Читаем Жизнь и судьба: Воспоминания полностью

Московский двор — как же без него! Да, это вам не Махач-Кала и не наши скромные детские игры. Тут держи ухо востро. Здесь полагается, чтобы некто, самый, самый опасный хулиган (мы это слово впервые здесь услышали), был грозой огромного двора и был благожелательно настроен. Скажут: как же Алибек Тахо-Годи поехал в такой демократический район, что, ему негде было поселиться? Было, конечно, но в Дом на набережной, как я уже упоминала, он принципиально не хотел, а здесь очень даже порядочная и солидная публика живет. Это особая политика расселения — разбавлять пролетарскую массу, расслаивать и вместе с тем как бы воспитывать ее. Но для всех уравниловка. По одной комнате — семье. Вот пример. В нашем подъезде пролетариев — две-три семьи, остальные — служащие, инженеры, летчики, преподаватели, каждому по комнате. Есть только две квартиры особенные — на 3-м этаже дипломат, наш торгпред в Швеции Целлер, занимает один всю квартиру, и на 5-м этаже Алибек Тахо-Годи, даже с двумя балконами.
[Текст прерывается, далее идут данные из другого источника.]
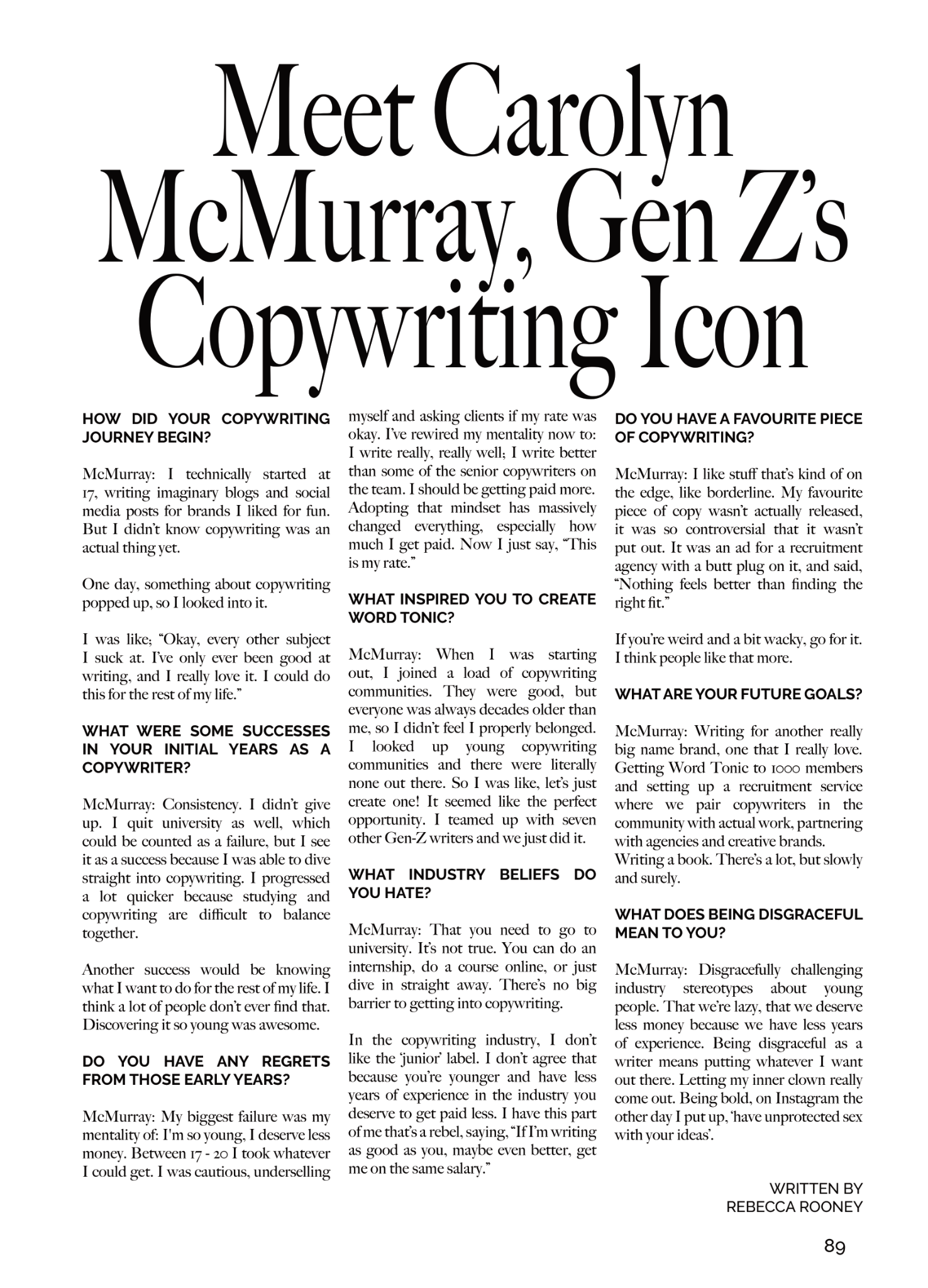 ← Back Published on 31st July 2023 Meet Carolyn McMurray, Gen Z's Copywriting Icon Published in Issue 12 of Disgraceful Magazine.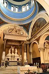 The high altar has a canopy (or baldachino), made from Sicilian marble. The surrounds and dome of the tabernacle are a copy of the original wooden surrounds from 1861. The mosaic pavement in the sanctuary is made from rock from the bed of the River Severn.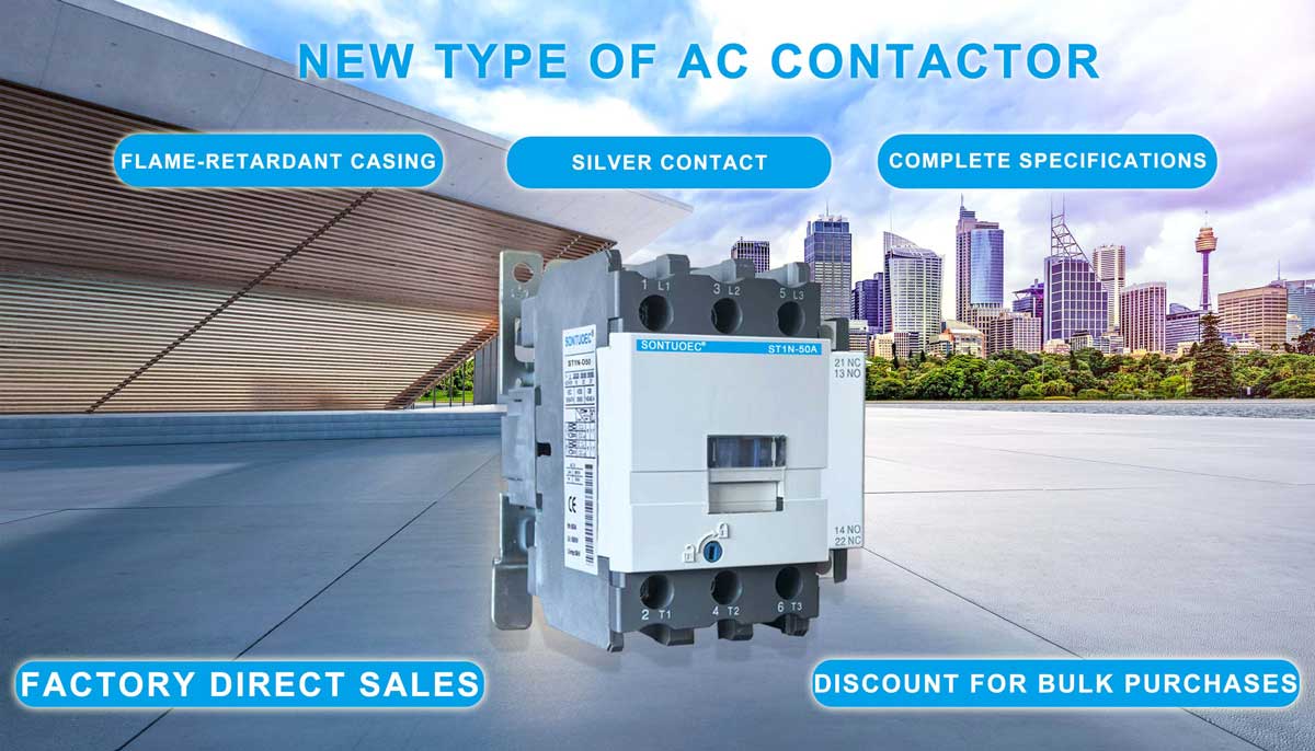 SONTUOEC é um dos fornecedores/fabricantes chineses especializados na produção de vários pequenos aparelhos elétricos. O contator CA da série ST1N é adequado para usar nos circuitos a tensão nominal de até 660 V CA 50 Hz ou 60 Hz, corrente nominal de até 95 A, para fazer e interromper, iniciar e controlar frequentemente o motor CA. Combinado com o bloco de contato auxiliar, atraso do temporizador e dispositivo de intertravamento da máquina, etc., ele se torna o contator de retardo, contator de intertravamento mecânico, partida estrela-triângulo. Com um relé térmico, ele é combinado em uma partida eletromagnética. O contator é produzido de acordo com IEC 60947-1.

С Целлерами мы, дети, дружим. С главой семьи всегда вежливо здороваемся: «Здравствуйте, Гергард Андреевич». Обрусевший немец (а может быть, и швед) с незаметным кивком проходит в подъезд. Но у него замечательные дети — высокий, здоровенный Годар, или Дарик, и высокая светловолосая Эльвира. Они оба по виду вагнеровские герои и очень наивные: жили все время за границей и осваиваются постепенно. Однажды вышли гулять в красных брючных костюмах. За ними бежали, свистели, хохотали мальчишки. Но вскоре Годар уже носился, спускаясь на перилах по лестнице, и сам выкрикивал боевые кличи, а Эльвира — вся в музыке (поступила в консерваторию в дальнейшем), и мама их Нина Александровна, как зайдешь к ним, сидит грустно и вяжет, вяжет что-то из чудесной, мягкой шерсти, а рядом звонкая крохотная зловредная собачонка. Да, грустная Нина Александровна что-то предвидела — мужа арестуют в 1937 году. Годар погибнет в каком-то особом батальоне, а Эльвире тоже уготована тяжелая судьба.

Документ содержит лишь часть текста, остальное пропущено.